Posted by CmdrTaco on

Flamerule writes "The New York Times is now reporting that Dr. Grigori (Grisha) Perelman, of the Steklov Institute of Mathematics of the Russian Academy of Sciences in St. Petersburg, appears to have solved the famous Poincaré Conjecture, one of the Clay Institute's million-dollar Millennium Prize problems. I first noticed a short blurb about this at the MathWorld homepage last week, but Google searches have revealed almost nothing but the date and times of some of his lectures this month, including a packed session at MIT (photos), in which he reportedly presented material that proves the Conjecture. More specifically, the relevant material comes from a paper ("The entropy formula for the Ricci flow and its geometric applications") from last November, and a follow-up that was just released last month."

3 of 284 comments (clear)

  1. This reminded me of... by OpCode42 · · Score: 0, Troll

    This picture.

    Well, made me laugh anyway... ;)

  2. Re:What's that conjecture again? by fudgefactor7 · · Score: 0, Troll

    "Hey genius. I assume you mean cubes and, perhaps, pyramids since we're talking 3 dimensions here. Read his definition of "shape" here. Cube and pyramid are the same "shape" as a sphere."

    Only someone as fucked up as a mathematician could possibly consider a cube or tetrahedron the same as a sphere. Math and non-sensical concepts, it seems, go hand in hand. Same mentality drove the IEEE to decide that "10" is not "10," but rather is "9.9999999999999999999."

  3. Re:Now THATS Patience... by hburch · · Score: 0, Troll

    The beauty of mathematics is that it doesn't work like natural sciences. Once something is proved, it is forever proven and correct in maths.

    Testing if a proof is correct is not exactly easy. That is, you have to prove the proof is correct, and then prove that proof of the proof is correct. You can have bugs, much like Dunwoody's proof did. In fact, most proofs of this caliber have bugs in them for a couple years until they are found and fixed or the proof falls apart.

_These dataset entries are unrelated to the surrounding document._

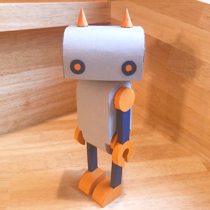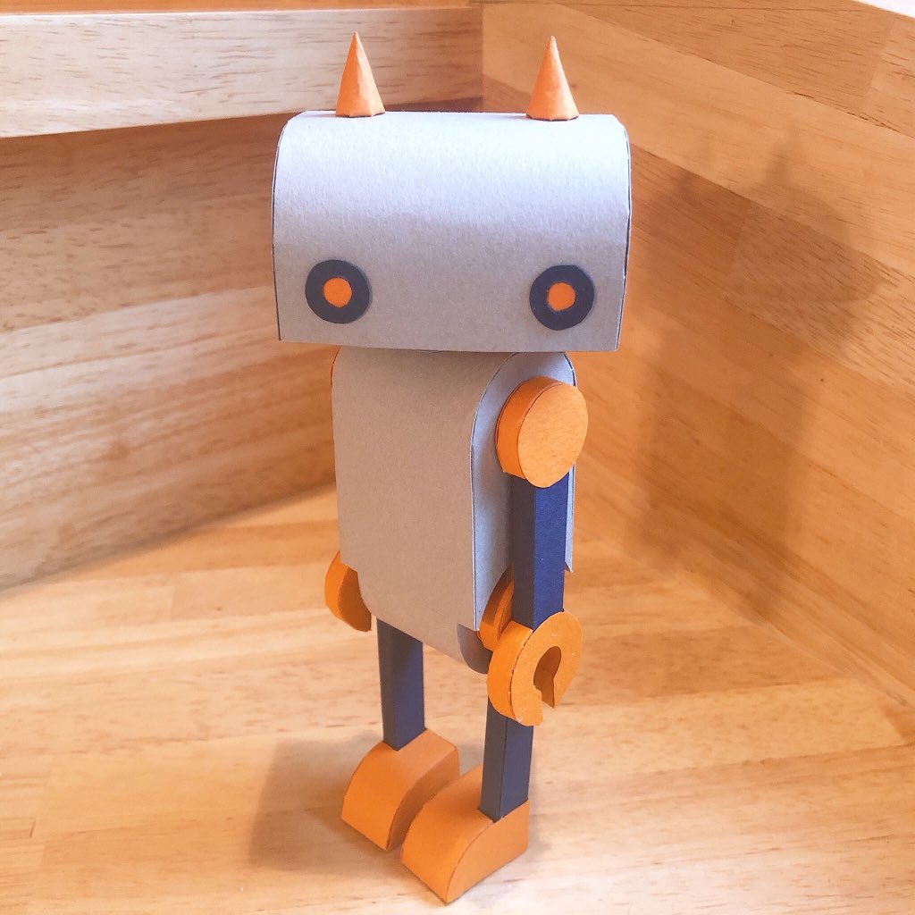 5 26 立体ペーパークラフトに挑戦。 設計図なし、いきあたりばったりで完成した鬼ロボくん🤖🔧 首と肩と股関節が動くよ。 #ペーパークラフト #工作 #ロボット #100よーかい 20/07/09 15:11
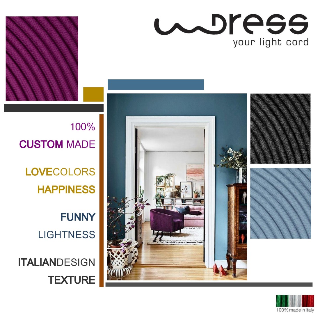 Wählen Sie aus unseren Textilkabeln das Modell, das Ihnen am besten gefällt, und kombinieren Sie es mit einer Deckenrosette und einer Lampenfassung, um Ihre individuelle Pendelleuchte zu gestalten.
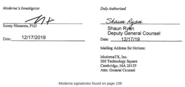 The final signatories of the agreement were Sunny Himansu, Moderna’s Investigator, and Shaun Ryan, Moderna’s Deputy General Counsel. Both signatures were made on December 17th 2019.
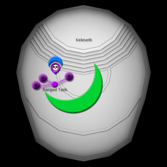 No Keleseth, o tank ranged precisa pegar o máximo de threat e pegar os Dark Nucleus em volta da sala. Ao longo da luta, os Núcleos dão dano a si mesmos então será preciso pegar mais. Assim o ranged tank sempre deve ter mais que 3 Núcleos. Eles reduzem o Shadow Damage que o ranged tank leva. Isso é necessário pra sobreviver Empowered Shadow Lance usado quado ele tiver o Invocation of Blood.
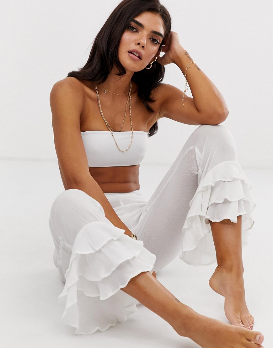 Białe spodnie plażowe z falbankami defekt 40
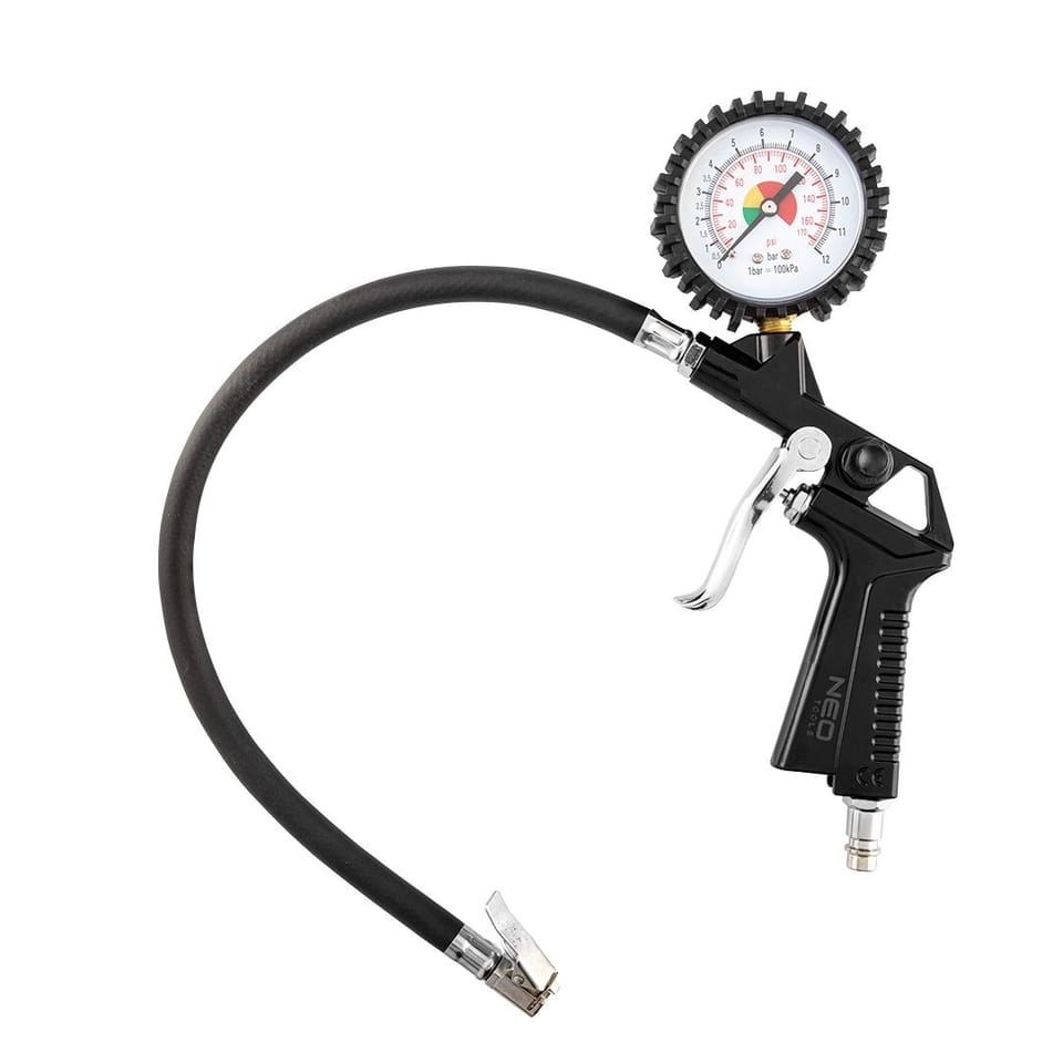 NEO pumping gun with 63 mm diameter pressure gauge. Maximum working pressure 12 bar. It has a practical hook for hanging and a hose. It can be operated with one hand (allow and drain). The CE certificate confirms the high quality of the tool.

    I do not know examples of any long times (decades or longer) that a proof has gone before discovering a problem, but it is the fear of many a doctoral candidate in mathematics and theoretical computer science that someone on the committee will bring up some case that shows your theorem is wrong. I saw this happen during a paper presentation once (not a defense), making the entire work wrong in a single stroke. Not pleasant for the presentor, I'm sure.